§ Exercise requirements
Return the line that has "Right: pair of" and all lines below it through the last, exactly as they stand; omit pictures.

§ Given data
┄┄┄┄┄┄

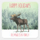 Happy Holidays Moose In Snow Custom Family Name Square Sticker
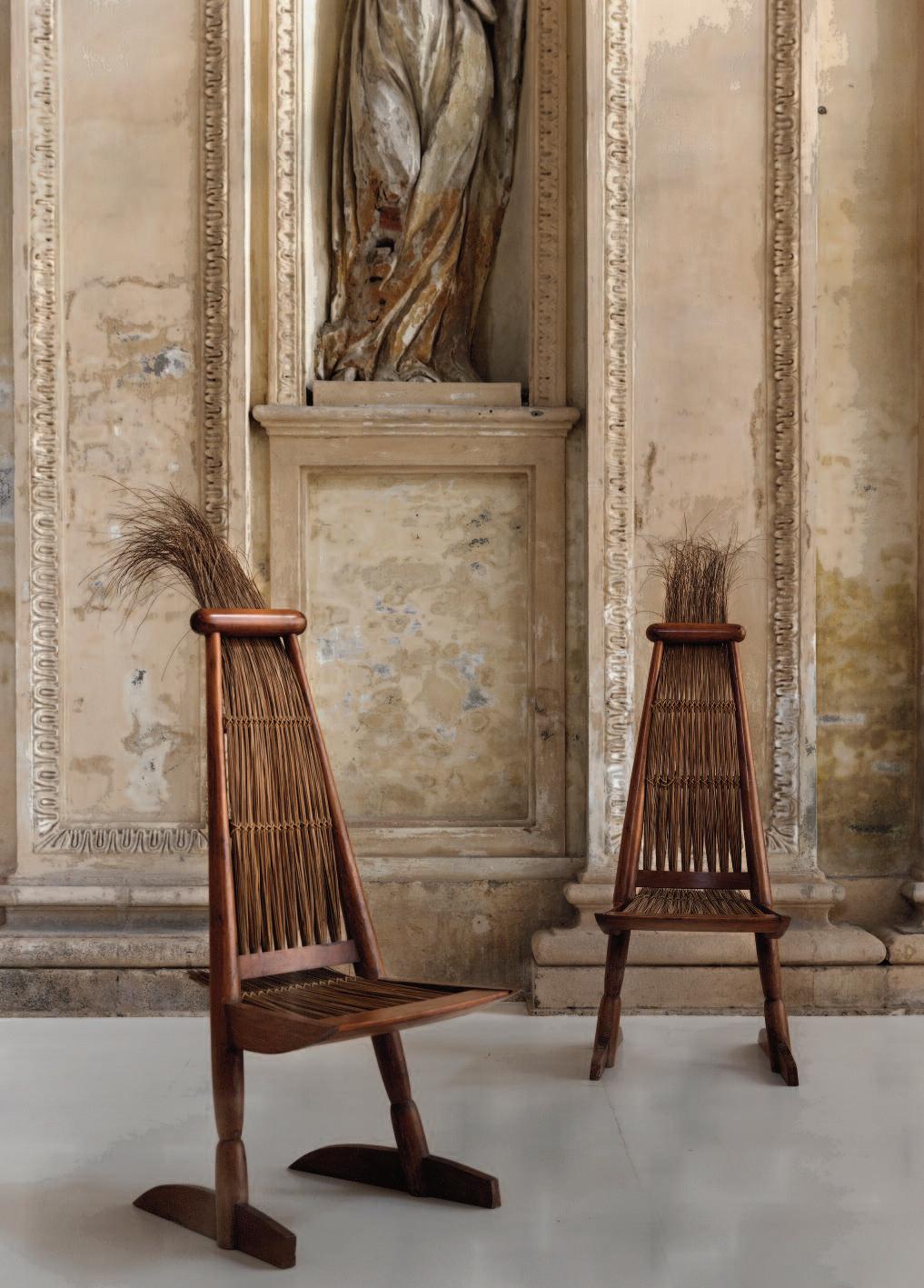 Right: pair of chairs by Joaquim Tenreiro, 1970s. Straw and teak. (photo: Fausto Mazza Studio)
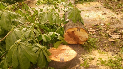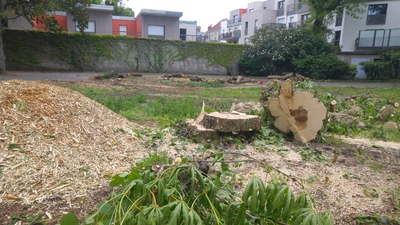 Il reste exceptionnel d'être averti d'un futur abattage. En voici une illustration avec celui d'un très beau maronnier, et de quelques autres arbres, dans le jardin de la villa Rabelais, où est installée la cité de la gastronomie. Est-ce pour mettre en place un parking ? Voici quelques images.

┄┄┄┄┄┄

§ Exercise output
 Right: pair of chairs by Joaquim Tenreiro, 1970s. Straw and teak. (photo: Fausto Mazza Studio)
 Il reste exceptionnel d'être averti d'un futur abattage. En voici une illustration avec celui d'un très beau maronnier, et de quelques autres arbres, dans le jardin de la villa Rabelais, où est installée la cité de la gastronomie. Est-ce pour mettre en place un parking ? Voici quelques images.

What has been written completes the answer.